[BiO BB] atomic coordinates of the proteins to predict protein tertiary structure using adaptive neuro-fuzzy systems

Mon Dec 25 05:41:18 EST 2006

Sub: atomic coordinates of the proteins to predict protein tertiary
structure using adaptive neuro-fuzzy systems

We are trying to predict protein tertiary structure using adaptive
neuro-fuzzy systems. This method comes in the category of homology modeling,
since we are using homologous proteins for prediction.

We are facing a few problems in deriving the training data.

As an example, consider a situation where I use 2 proteins (PDB Ids: 1MYJ
and 1YMB) to predict the structure of the protein 'Human Myoglobin' (PDB Id:
2MM1).

I am attaching the co-ordinates of the first alpha carbons herewith.

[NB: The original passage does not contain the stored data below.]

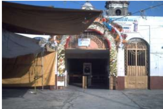
Actual Parroquia de San Francisco de Asís, Tepito 2011. Así luce la explanada de la Parroquia, llena de puestos y lonas que dificultan la entrada y la vista completa de la fachada de la iglesia.
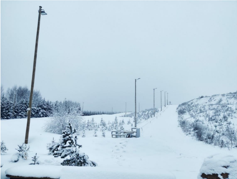
Foto 2. Vaade mäesuusa- ja lumelauamäele 2023. aasta detsembris.
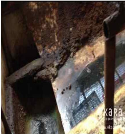
[사진41]상무농장 분변처리 상황
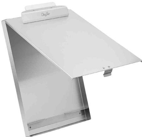
Formularhalter mit Box
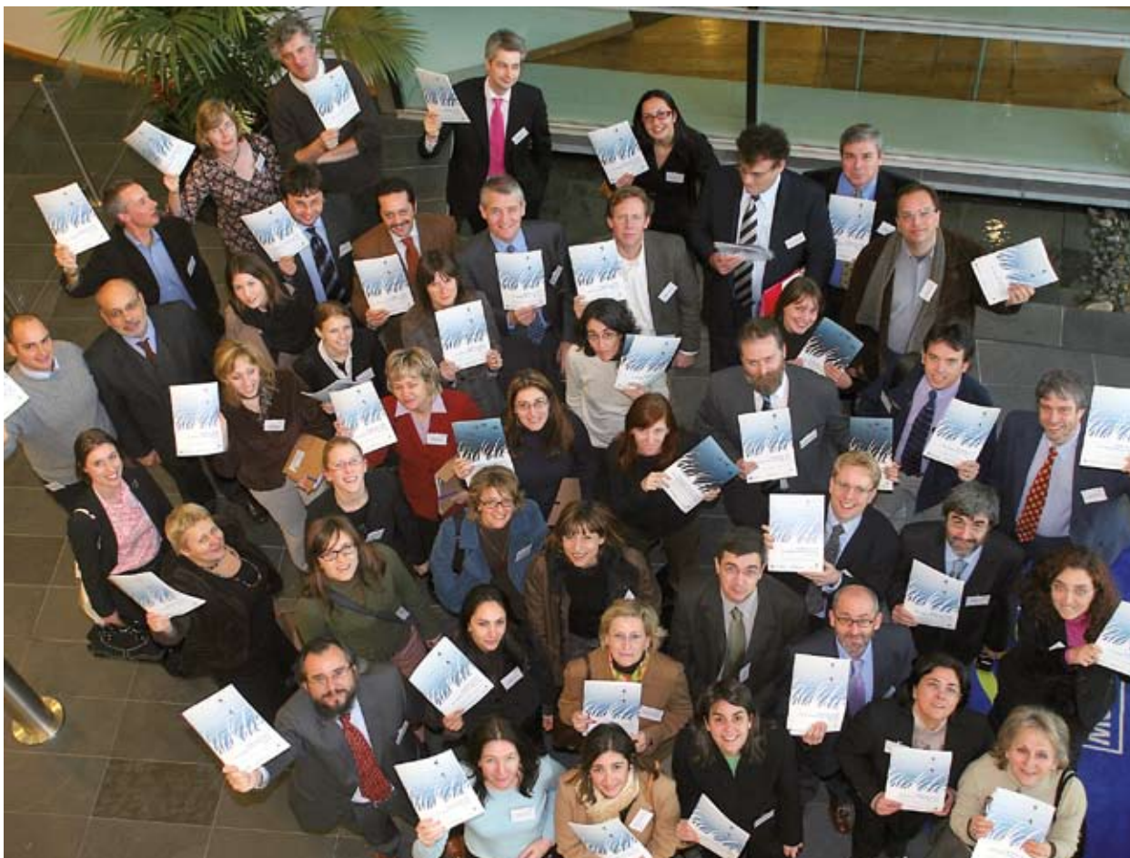
Seminaril osalejad Inglismaal Exeteris aastal 2006.

Võrgustikuga Greening Regional Development Programmes (GRDP) töötati välja tooted, mis aitaksid avalikel asutustel asetada kohaliku ja piirkondliku arengu vallas põhirõhu keskkonnaküsimustele.
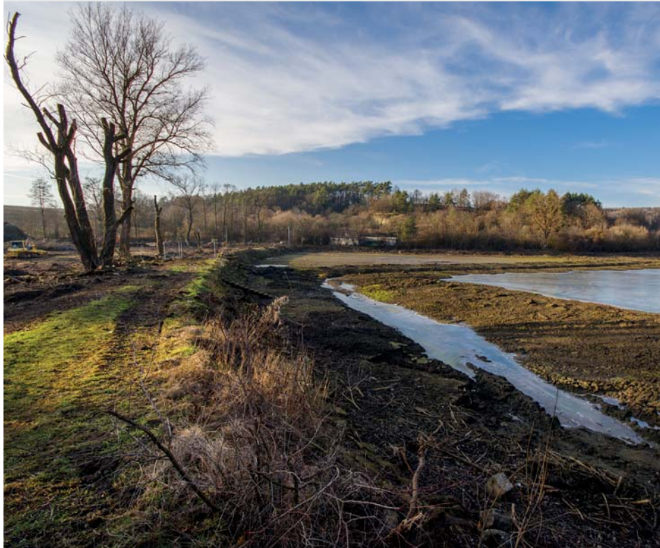
Revitalizace rybníka Hluboček probíhá.
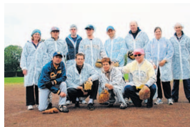
Honk en softbalvereniging de Houten Dragons houdt op 31 maart en 1 april hun traditionele openingsweekend. Dat weekend gaat de poort open voor alle Houtenaren.

For 1MYJ, the first few alpha carbon have atomic co-ordinates as follows:

GLY

48.763

-12.39

28.42

LEU

52.541

-11.96

28.764

SER

54.79

-13.074

25.979

ASP

56.15

-16.567

25.988

GLY

59.289

-14.893

27.105

GLU

57.708

-13.153

30.06

TRP

56.174

-16.476

31.235

GLN

59.566

-17.977

31.117

For 1YMB, the co-ordinates of the first few alpha carbon atoms are as
follows:

GLY

-3.12

15.454

14.959

LEU

-0.482

14.622

17.641

SER

-1.126

13.415

21.177

ASP

0.851

14.53

24.209

GLY

2.401

11.015

24.161

GLU

3.737

11.867

20.724

TRP

4.724

15.486

21.478

GLN

6.75

14.065

24.424

For 2MM1, the atomic co-ordinates of the first few atomic coordinates are as
follows:

GLY

-4.704

17.705

14.942

LEU

-1.187

18.608

16.091

SER

-0.042

17.772

19.588

ASP

0.651

20.497

22.117

GLY

4.297

19.54

21.663

GLU

3.879

19.913

17.893

TRP

2.244

23.408

18.097

GLN

5.159

24.505

20.293

You can notice that even though the amino acids are the same, their atomic
co-ordinates are completely different. This is not because of the amino
acids which follows in the sequence, since all these 3 proteins have very
similar sequence.

I infer this is because, the atomic co-ordinates may not absolute and cannot
be taken as such for training. We faced this issue while using this data for
training neural networks, since neural networks won't know *which
co-ordinates* to predict.

Can you suggest any means by which we can get the atomic coordinates of the
proteins used for training, after alignment?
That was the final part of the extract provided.